Why Millwall fans should be able to sing tasteless songs about Jimmy Savile.

Duleep Allirajah

Topics Politics

Is it wrong to sing tasteless songs about Jimmy Savile? Millwall boss Ian Holloway thinks so. Ollie was disgusted at the ‘obscene’ behaviour of his own fans who taunted the visiting Leeds fans last weekend with songs about the notorious Leeds-born sex offender. Did the Millwall fans cross the decency threshold? Or was this just normal terrace banter? No points for guessing where I stand on this question. Terrace chants are supposed to be vulgar, offensive and tasteless. That’s the whole point. If you sterilise terrace chants, you’ll destroy terrace culture.

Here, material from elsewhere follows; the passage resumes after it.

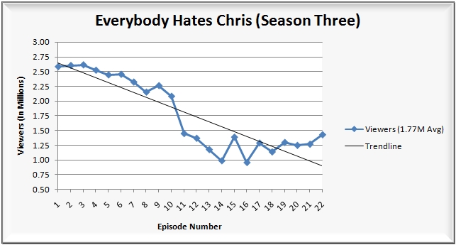 • 8:00 p.m.: The third season finale of Everybody Hates Chris (1.0/2 HH rating/share, 1.43M viewers, 0.5/2 A18-49 rating/share).
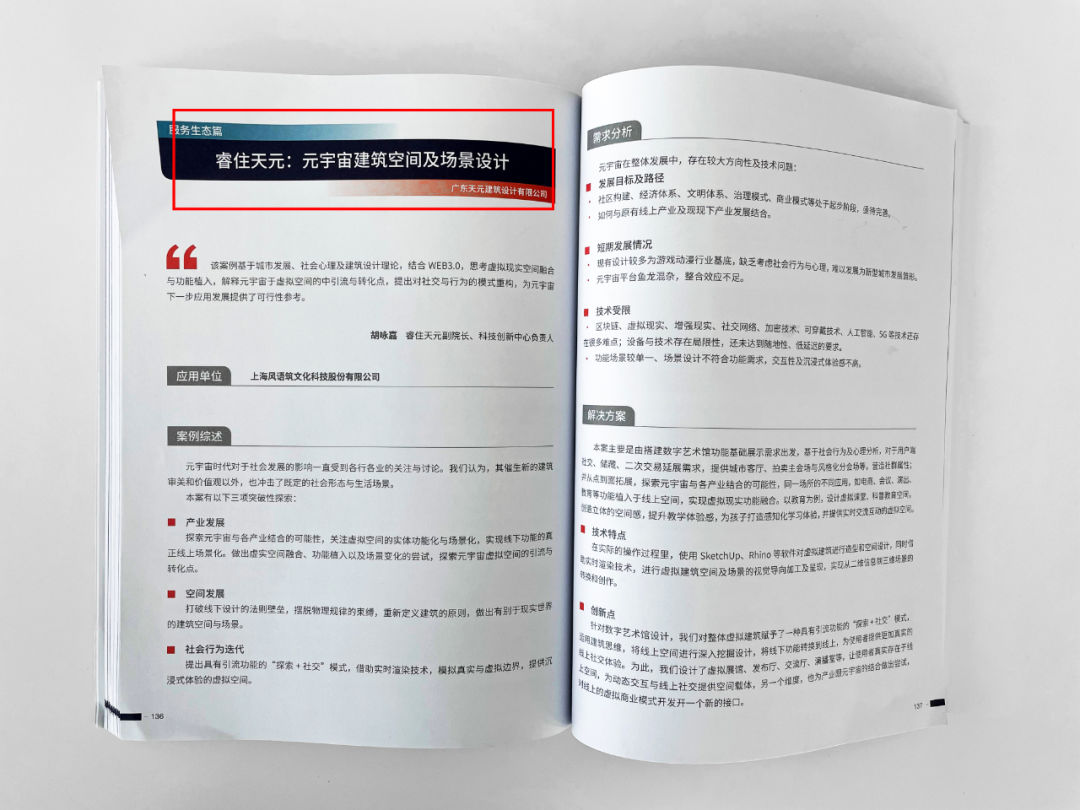 睿住天元在对元宇宙的功能、需求、社会发展等多个维度的思考后,延展“虚拟与现实的映射、融合、拓展”技术体系,案例收录在案例集服务生态篇。

I’ve still got a soft spot for Ian Holloway. He’s an honest, funny and very likeable manager who is always prepared to speak his mind. Plus he took Crystal Palace up to the Premier League and, for that reason alone, he’ll always be fondly remembered at Selhurst Park. But I think Ollie’s got it completely wrong on the Jimmy Savile chants. Millwall fans reportedly serenaded the visiting Leeds supporters with chants of ‘He’s one of your own, he’s one of your own, Jimmy Savile, he’s one of your own’ and ‘Jimmy Savile touched your mum, he’s your father‘. In his post-match interview, Holloway launched into a trademark rant about the tasteless chants. ‘I don’t think the chants were right because they’re disrespecting [Savile’s victims]. What he did is an absolute disgrace’, fumed Holloway. ‘That’s the most important thing and we don’t see it. “Oh it’s a bit of banter”. It isn’t funny, is it? I don’t think so. Nobody likes a laugh more than me but I’m respectful, and that’s what I’m trying to show to Leeds United.’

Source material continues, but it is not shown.